A bit of each; this is a peninsula that sticks out into the harbour and is always a breezy, but the ball has quite a pronounced effect as well.



BrentC said:


> Personally I think it would have been much better with a lot of white stuff around and ice crystals forming on the ball.  Something is wrong with your weather over there.
> 
> As with others I would leave as is.   Cool shot.


Thanks, and yeah, there is!  It was only 31 this morning... there's s*** on the truck I have to scrape off before I can drive!



Derrel said:


> I have been seeing more and more and more of these types of shots! I like this one, but if there's a nit, I might like to see what it looks like with the sky tones darkened a bit., and maybe a bit more contrast or clarity added to the scene as well. Still...it's an interesting wrinkle on modern-era landscape and scenic shots.
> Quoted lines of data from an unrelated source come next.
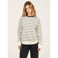 Update your casual staples with this sweatshirt from Brave Soul. Made from a soft, cotton-rich fabric, it offers comfort and easy wear. Featuring long sleeves with drop shoulders and a classic crew neck, this sweatshirt is finished with all-over stripes, a contrast neckline, and ribbed hem and cuffs for a relaxed yet stylish everyday look. Model wears UK size S. | Brave Soul Women's Classic Stripe Crew Neck Sweatshirt in Cream | Size: XS - Manufacturers part number: Brave Soul_5063487087259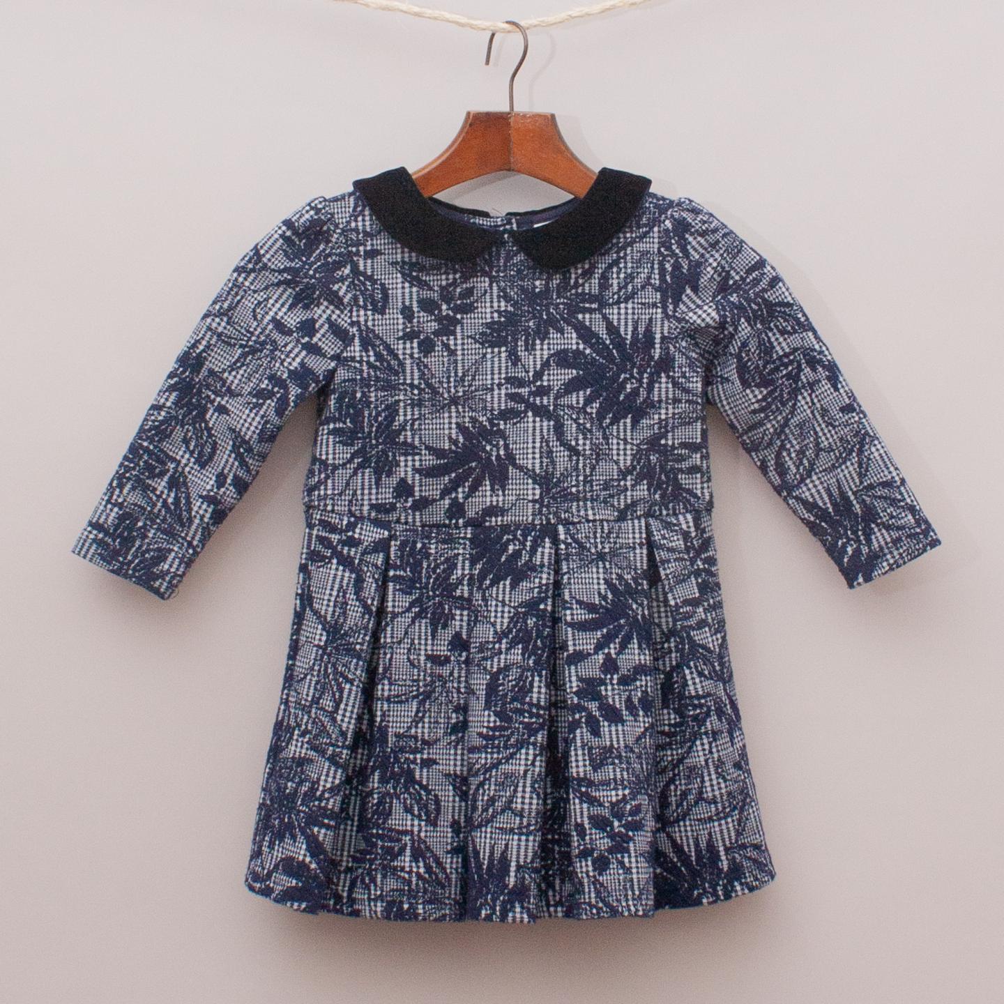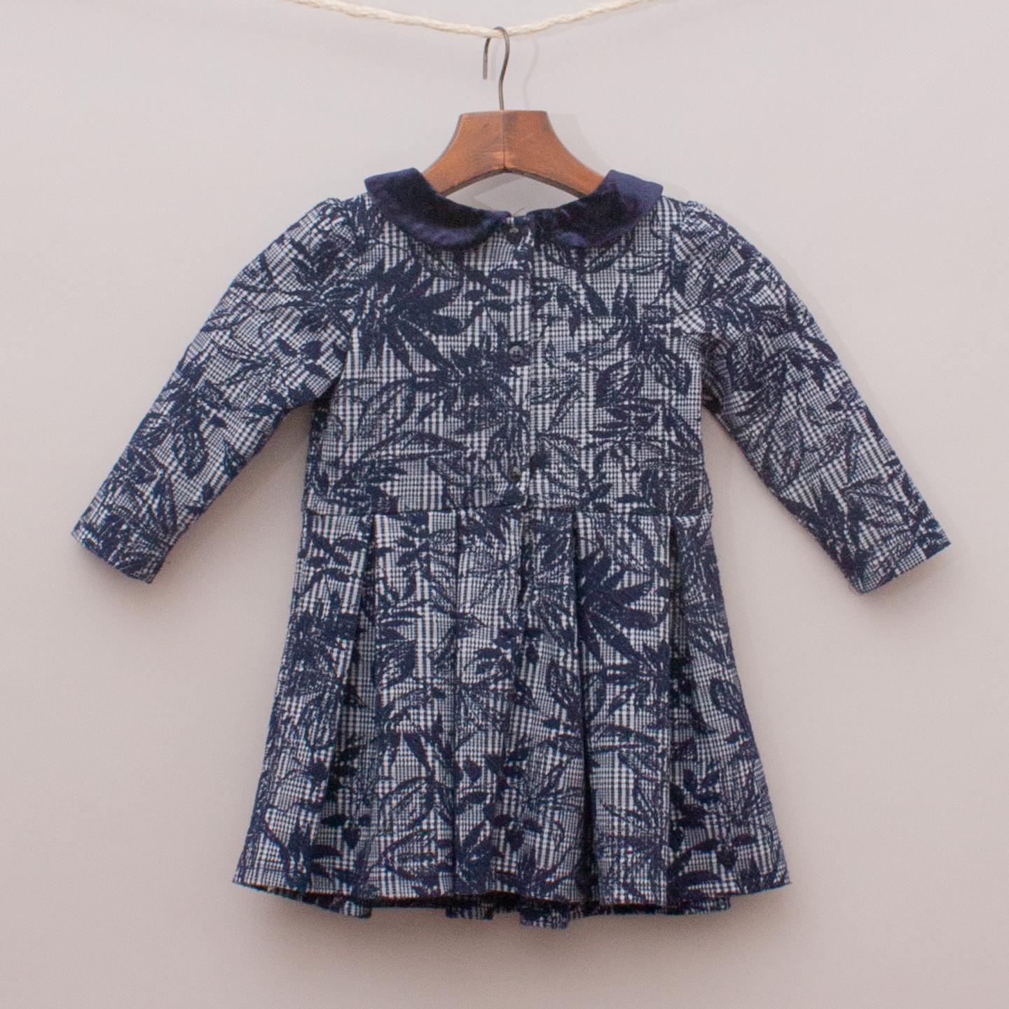 Origami blue and white dress with leaf pattern throughout, velvet collar, pleated skirt and button down back closure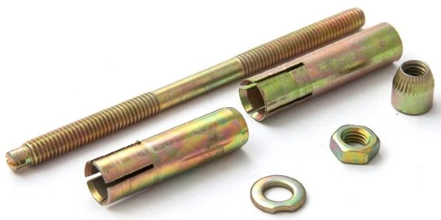 При производстве анкеров применяются латунь с углеродистой сталью, которые относятся к прочным материалам. Стальные изделия имеют дополнительную антикоррозийную защиту – белое или желтое покрытие из цинка. Рабочей частью конструкции является полая гильза с продольными разрезами по длине, которые при забивании анкера в отверстие гильзы формируют лепестки. Еще одним элементом крепежа является шпилька с регулировочной гайкой, а также шайбой.

I did play around with that a bit, but I wasn't able to do it in a way that I was happy with due to the flaring and ghosting on the ball itself.  I think to actually nail this, it really needs to be right in-camera.



acparsons said:


> Nice. I just picked up a crystal ball myself. Should be an interesting New Year.


Thanks, and yes.  Good, cheap fun! 



zombiesniper said:


> Very nice.
> I like it the way it is and even like the bottom flare since it creates a curving light around the right side of the ball, almost like smoke.


Thanks Alex!  Good points!


----------



## baturn (Jan 1, 2018)

Wow! This looks like a lotta fun. As is for me.


----------



## Derrel (Jan 1, 2018)

I prefer these crystal ball shots to be shown as-shot, with the landscape upside down.


----------



## tirediron (Jan 1, 2018)

baturn said:


> Wow! This looks like a lotta fun. As is for me.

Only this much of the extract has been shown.